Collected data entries
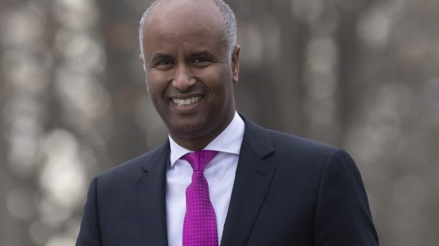 Families, Children and Social Development Minister Ahmed Hussen smiles as he makes his way to Rideau Hal in Ottawa, Wednesday November 20, 2019. (The Canadian Press/Adrian Wyld)
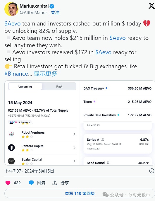 具体来说,Aevo 团队目前持有价值 1.25 亿美元的 AEVO,他们可能随时出售这些资产。同样,主要投资者获得的 172 美元AEVO 也准备出售。Aevo 社区感到受伤并感到被背叛。
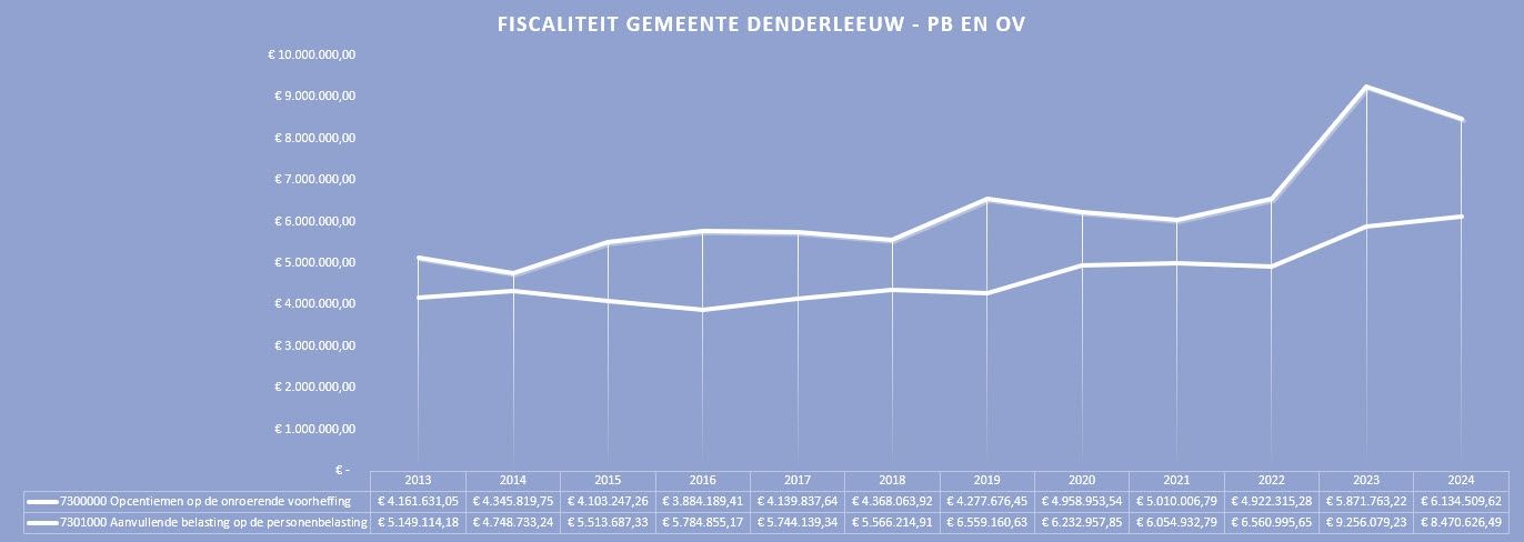 De ontvangsten uit de aanvullende personenbelasting (APB) is voor de meeste Vlaamse gemeenten één van de voornaamste en meest stabiele inkomstenbronnen. Uit een analyse van de VVSG is evenwel gebleken dat de afhankelijkheidsgraad van deze belasting (aandeel APB in het totaal van de exploitatie) sterk schommelt van de ene gemeente ten opzichte van de andere. Gemeenten met een 0-tarief zijn helemaal APB-onafhankelijk, andere gemeenten halen tot 40 % à 50 % van hun totale ontvangsten uit deze belasting. Voor de gemeente Denderleeuw schommelt dit rond de 20 %.
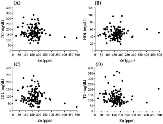 Correlation between Zn level and lipid profile: (A) TC, (B) HDL, (C) LDL, (D) TG.
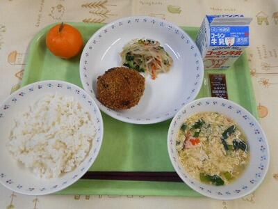 一覧へ 今日の給食 日時 2023年01月17日(火) 公開対象 給食 詳細 【今日の給食】 牛乳 ご飯 おから入りコロッケ もやしのポン酢和え かきたま汁 ポンカン 【食材の主な産地】 米(柏) じゃが芋(北海道) 小松菜(千葉・柏) 玉葱(北海道) 人参(千葉・富里) ほうれん草(千葉・松戸) もやし(栃木) ぽんかん(愛媛) 作成者 富勢中学校 更新日時 2023-01-20 12:29:04
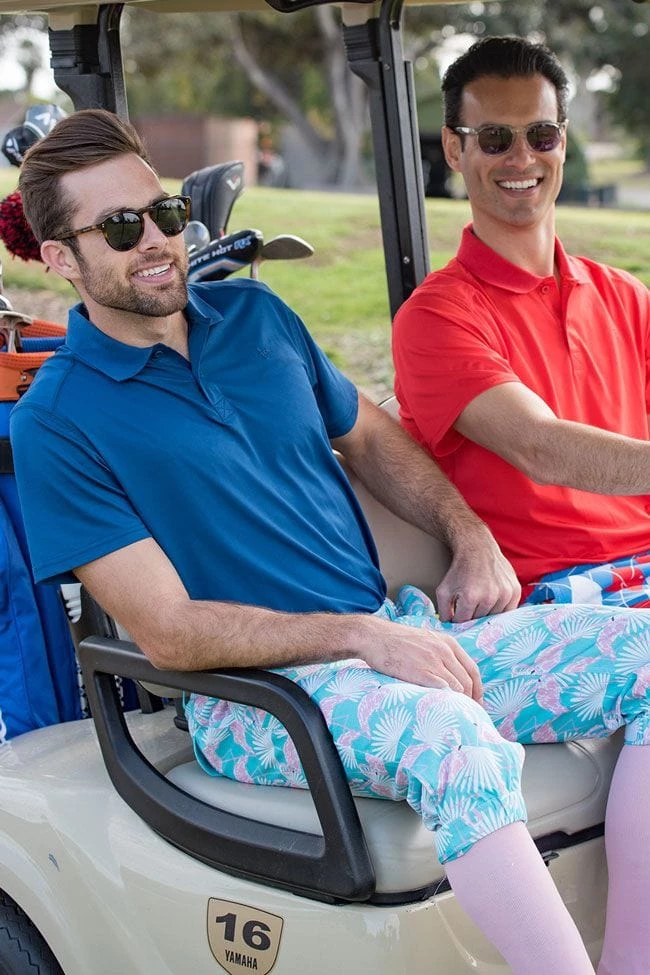 Feel like something subdued to go with our crazy golf knickers? This navy polo will make you look quite respectable from the waist up. It’s fun to pull up in your golf cart looking subdued and then getting out to give everyone a look at your Fairway Flamingo pants or Hot Dog knickers!

» **Problem statement**: From the opening line of the entries, copy each line exactly until the line with "具体来说,Aevo 团队目前持有价值 1.25", which is copied as well; leave out pictures.

» **The completed task**:
 Families, Children and Social Development Minister Ahmed Hussen smiles as he makes his way to Rideau Hal in Ottawa, Wednesday November 20, 2019. (The Canadian Press/Adrian Wyld)
 具体来说,Aevo 团队目前持有价值 1.25 亿美元的 AEVO,他们可能随时出售这些资产。同样,主要投资者获得的 172 美元AEVO 也准备出售。Aevo 社区感到受伤并感到被背叛。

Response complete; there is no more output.